Оба ничуть не опасались влюбиться друг в друга. Тем не менее у них находилось много тем для разговоров по четвергам, особенно во время предварительных выборов в Нью-Гэмпшире; оба поддерживали Берни, но Лиззи полагала, что он может выиграть, а Гэвин так не считал. Они обсуждали литературу, статьи в «Нью-Йоркере». У Гэвина была одна неприглядная черта — непомерное самомнение, из-за чего он иногда вел себя заносчиво, но Лиззи по большей части старалась не придавать этому значения.
До последнего месяца.
В любом случае, учитывая беззастенчиво сексуальную природу их взаимоотношений и отсутствие каких-либо обязательств, Лиззи не собиралась приводить Гэвина домой и знакомить с родными. Однако отец что-то почувствовал, когда однажды в унылый воскресный день Лиззи упомянула, что не приедет посмотреть с ним по телевизору игру «Патриотс»,
[3] поскольку у нее другие планы. Она надеялась, что отец не обратит внимания на фразу «другие планы», но Мюррей (который не скрывал своего желания, чтобы она нашла замену Брюсу) заключил из этих слов, что у дочери новый обнадеживающий роман, и принялся все время намекать, что пора привести кавалера на ужин, Лиззи же такая идея ужасала. Она все время находила отговорки, пока однажды днем они с Гэвином в кои-то веки не рискнули вместе заскочить в винный магазин — и туда же вздумалось заявиться Мюррею.
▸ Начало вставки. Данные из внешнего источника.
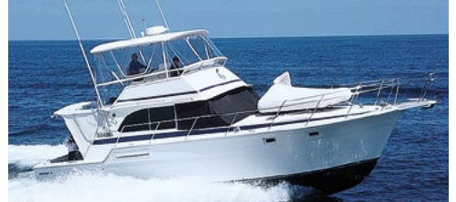
1989 Bertram 42 Flybridge $195,000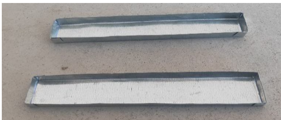
Fig3: Die Casting Process

In conventional die casting method, reinforced sisal fiber is mixed into the epoxy resin by hand mixing machine. Mixing machine is the most important element of this process. After the mechanical mixing, the mixer is directly transferred to a shaped mould prior to complete solidification. The essential thing is to create the good wetting between particulate resin and sisal fiber. The distribution of the reinforcement in the final solid depends on the wetting condition of the reinforcement with the melt, relative density, rate of solidification etc.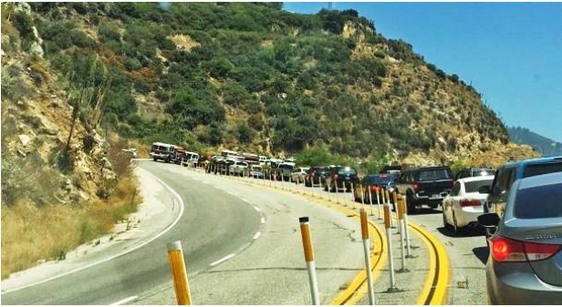
Traffic on Highway 18 near Crestline was backed up for miles as emergency personnel attended to injured parties and the roadway was cleared, (Photo by Heather Holland/RimTraffic)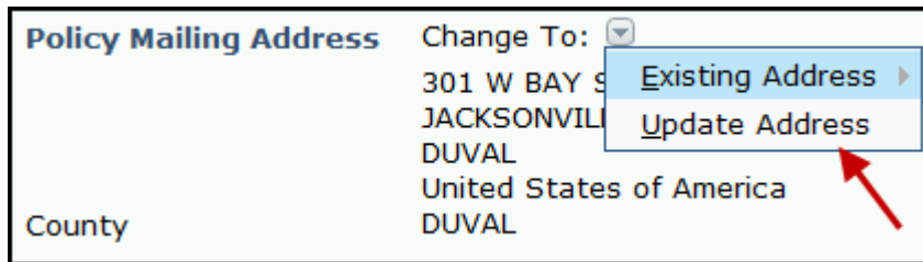
Figure 3: New Change To: drop-down options in the Policy Mailing Address section

This system update allows PolicyCenter to set the first named insured's primary mailing address with data to match the edited Policy Mailing Address data.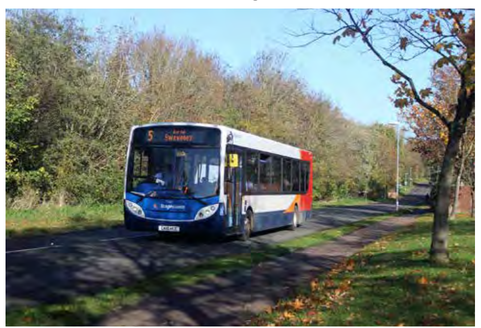
Stagecoach East has transferred ADL Enviro 300s 27642-47 from Bedford to Cambridge and pictured working a Cambridge Citi 5 service to Swavesey is 27646. This batch of Enviro 300s started life with Stagecoach South being transferred to the Norfolk Green operation at King;'s Lynn when it was managed by Stagecoach South. Upon the closure of King's Lynn depot all six vehicles were transferred to Bedford.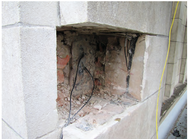
Fig. 11: Cathode connections to steel column

— Так вот с кем ты встречаешься! — воскликнул он позже вечером, и в ту минуту Лиззи вспомнила, что отец был на новоселье у Гэвина, и сразу пожалела, что осмелилась показаться с любовником на публике. — Это же не серьезно?
Лиззи замешкалась. Если она ответит «нет», отец либо сделает старомодный вывод, что они с Гэвином просто совершали променад в стиле девятнадцатого века, либо, в более современном духе, вынужден будет осознать неприятную мысль, что его дочь спит с кем попало. Но если она соврет и ответит «да, серьезно», он, чего доброго, решит, что Гэвин однажды станет его зятем. Такого никогда не будет, но сама идея может очень огорчить старика.
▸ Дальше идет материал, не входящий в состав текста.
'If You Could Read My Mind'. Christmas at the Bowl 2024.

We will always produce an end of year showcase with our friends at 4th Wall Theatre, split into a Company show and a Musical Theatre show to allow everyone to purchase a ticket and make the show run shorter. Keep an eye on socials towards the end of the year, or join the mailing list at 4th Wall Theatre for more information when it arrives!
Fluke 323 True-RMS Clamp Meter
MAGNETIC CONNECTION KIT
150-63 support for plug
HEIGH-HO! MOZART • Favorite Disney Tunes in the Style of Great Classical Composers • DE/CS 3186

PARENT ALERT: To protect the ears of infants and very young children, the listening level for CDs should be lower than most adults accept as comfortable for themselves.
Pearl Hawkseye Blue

— Мы просто иногда вместе проводим время, — неловко вывернулась она.
И этого было достаточно, чтобы Мюррей подавил свою неприязнь и снова принялся настаивать, чтобы Лиззи привела Гэвина на ужин. Ни ей, ни ее любовнику совсем не хотелось устраивать смотрины, но в конце концов Лиззи уговорила Гэвина прийти в гости хотя бы раз — тогда, мол, отец от нее отстанет и они смогут и дальше свободно продолжать свои ни к чему не обязывающие отношения с целью удовлетворения сексуальных потребностей.
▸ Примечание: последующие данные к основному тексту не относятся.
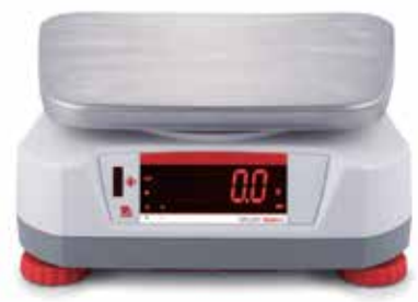
Rear Display with Integrated Touchless Sensor

Ужин, мягко говоря, не удался. Гэвин ни с того ни с сего вбил себе в голову, что должен завоевать симпатию старика, и ради этого вызвался переложить поленницу. Добром это не кончилось. Мюррей любил, чтобы дрова лежали именно таким образом, и уж точно не нуждался в том, чтобы какой-то человек на двадцать лет его моложе переиначивал поленницу на свой лад. Затем Гэвин совершил ошибку, спросив Мюррея о кампании по выбору его в Конгресс, которая состоялась несколько десятилетий назад, — Гэвин знал об этом, потому что изучил информацию о Мюррее в интернете. Старик оборвал его, едва Гэвин успел раскрыть рот. Со своей стороны, чтобы поддержать разговор, Мюррей проявил интерес к тому, какую книгу пишет сейчас Гэвин, — а тот ненавидел, когда об этом спрашивали, поскольку работа над новым опусом никак не клеилась, и потому в ответ последовала высокомерная реплика, что он никогда не обсуждает незаконченное произведение. Лиззи попыталась сменить тему, рассказав, что Гэвин подумывает посадить поле подсолнухов, после чего хозяин с гостем наконец-то нашли общий язык, и их беседа продлилась целых пять минут.